**REQUIRED ACTION**
Set down, word for word, each line from the top of the data through the line that has "VEINGUARD Herbal Spray"; omit every picture.

[Saved data entries]
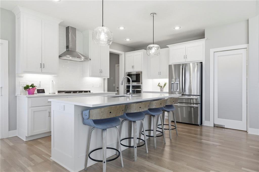 Greenbelt Walkout / Natural Light / 2 Primary Suites & 2 Pantry Areas! Boulder Hills delivers a rare find: fully finished true walkout lower level built for multi-generational living, backing to a gallery forest greenbelt, with Timber Sage Elementary steps away. Two primary suites — one on each level. Upstairs: wall of windows, quartz kitchen island, two pantries, and a screened deck. Downstairs: two bedrooms, full bath, 7-ft wet bar, and a private walkout entrance; ideal for parents, adult kids, or long-term guests. The fully fenced yard with three gates opens to a level backyard made for gatherings and games, all framed by a gorgeous gallery forest greenbelt. A built-in storm shelter adds serious peace of mind, and a storage area has 5th bedroom possibilities. Seller upgrades: epoxy garage floors, garage sink, built-in shelving & workbench, extended deck with backyard steps, active radon mitigation, and metal fencing with three gates. Boulder Hills amenities: clubhouse, pickleball, putting green, pool, playground, and trails. Gorgeously maintained. Truly move-in ready. These don't come up twice. Information deemed reliable but not guaranteed. Buyer to verify all information.
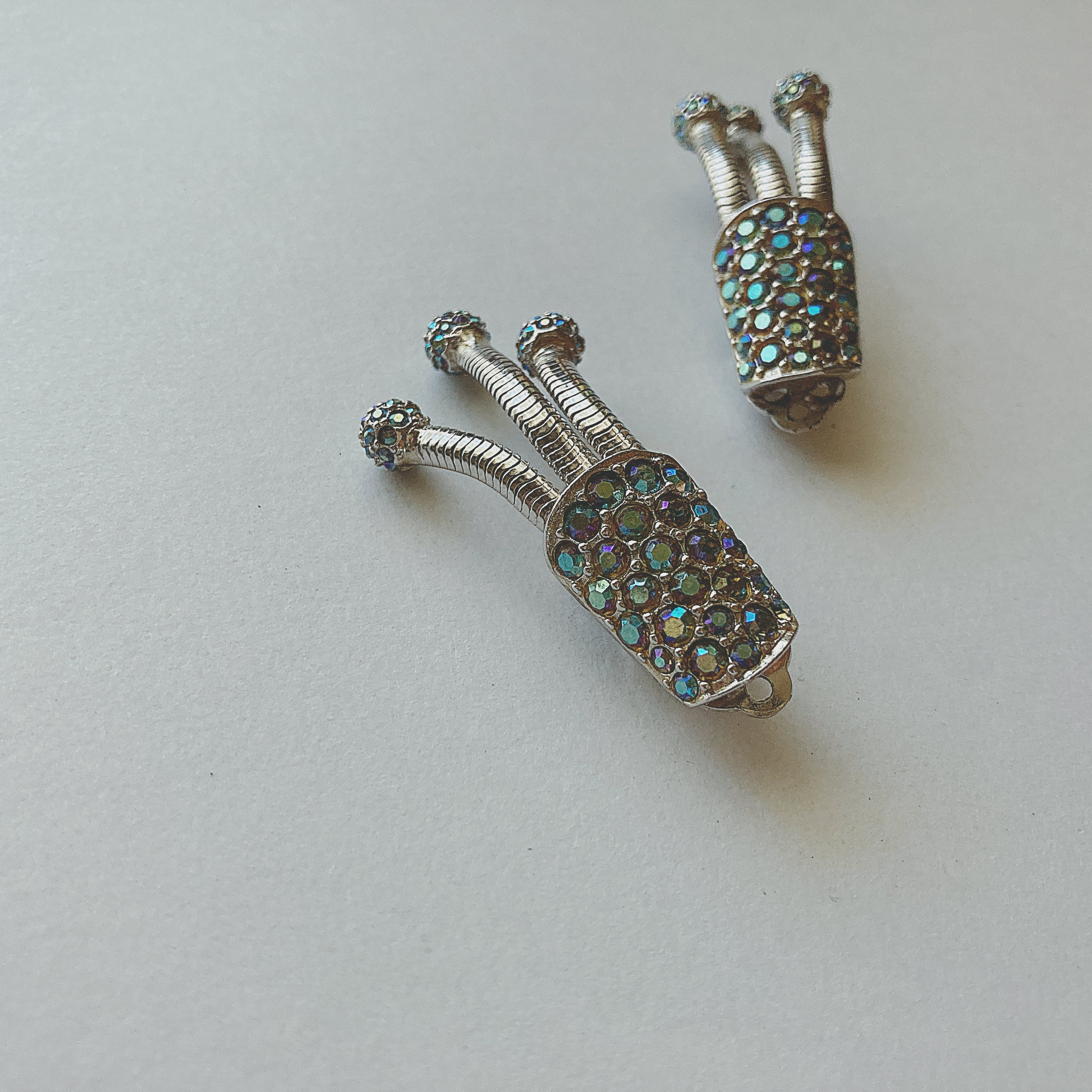シルバーメタルの土台にブルーのラインストーンを敷き詰めたダングルタイプ。
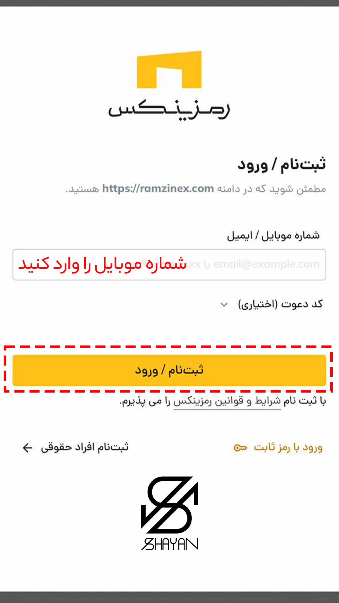 ۲. در این قسمت می‌توانید شماره موبایل یا ایمیل خود را وارد کنید.
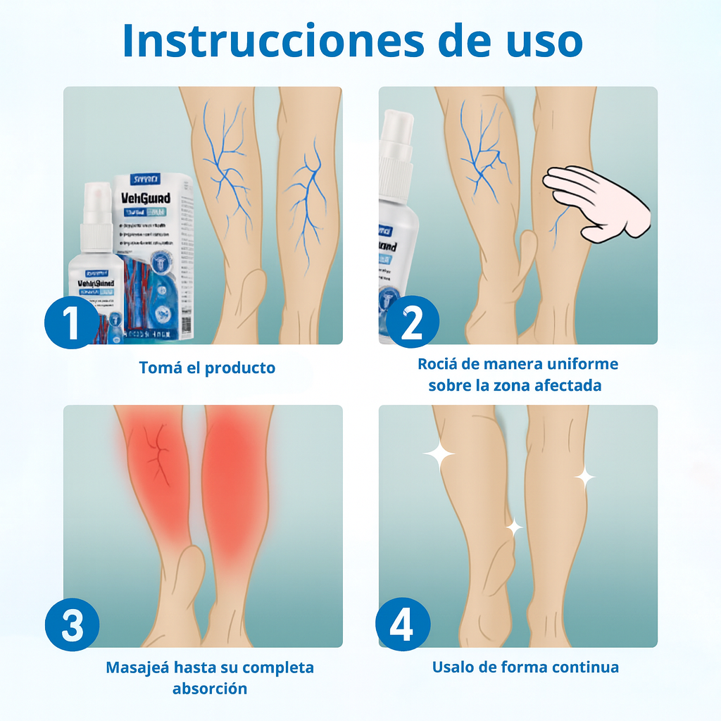 VEINGUARD Herbal Spray actúa de forma inmediata, refrescando y calmando la piel mientras ayuda a reducir la inflamación y mejorar el flujo sanguíneo. Ideal para quienes pasan muchas horas de pie o sentados.
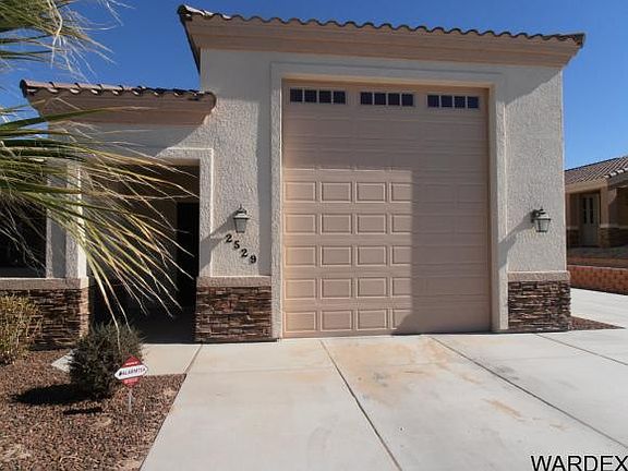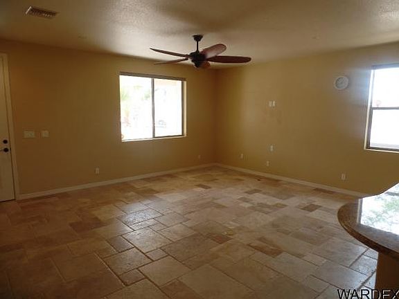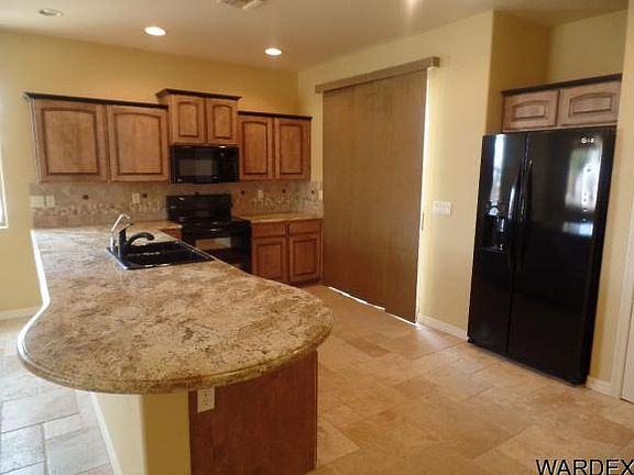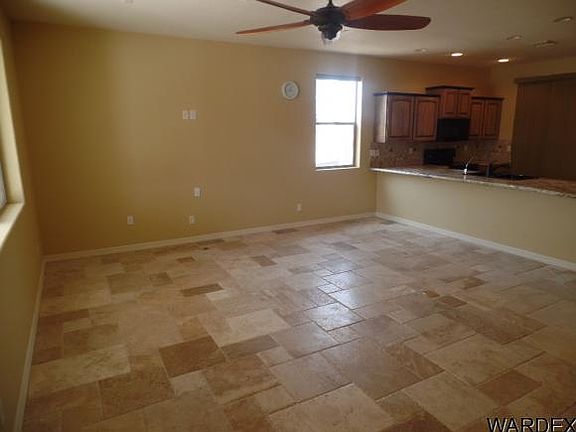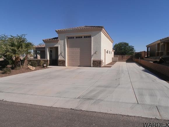New RV community in Fort Mohave. 52' long Motor Home Garage will fit the largest motorhomes with room to walk around the RV. Full hookups and swamp cooled. Home has granite countertops, tiled floors and all electric window coverings. Built in 2011 with tall ceilings, vessel sinks, indoor Laundry Room with side by side washer dyer, gun safe, and covered patio. Outside fully landscaped with watering system. Side of garage has additional concrete slab long enough for boat or another M/H.

**ANSWER TO THIS PROBLEM**
 Greenbelt Walkout / Natural Light / 2 Primary Suites & 2 Pantry Areas! Boulder Hills delivers a rare find: fully finished true walkout lower level built for multi-generational living, backing to a gallery forest greenbelt, with Timber Sage Elementary steps away. Two primary suites — one on each level. Upstairs: wall of windows, quartz kitchen island, two pantries, and a screened deck. Downstairs: two bedrooms, full bath, 7-ft wet bar, and a private walkout entrance; ideal for parents, adult kids, or long-term guests. The fully fenced yard with three gates opens to a level backyard made for gatherings and games, all framed by a gorgeous gallery forest greenbelt. A built-in storm shelter adds serious peace of mind, and a storage area has 5th bedroom possibilities. Seller upgrades: epoxy garage floors, garage sink, built-in shelving & workbench, extended deck with backyard steps, active radon mitigation, and metal fencing with three gates. Boulder Hills amenities: clubhouse, pickleball, putting green, pool, playground, and trails. Gorgeously maintained. Truly move-in ready. These don't come up twice. Information deemed reliable but not guaranteed. Buyer to verify all information.
シルバーメタルの土台にブルーのラインストーンを敷き詰めたダングルタイプ。
 ۲. در این قسمت می‌توانید شماره موبایل یا ایمیل خود را وارد کنید.
 VEINGUARD Herbal Spray actúa de forma inmediata, refrescando y calmando la piel mientras ayuda a reducir la inflamación y mejorar el flujo sanguíneo. Ideal para quienes pasan muchas horas de pie o sentados.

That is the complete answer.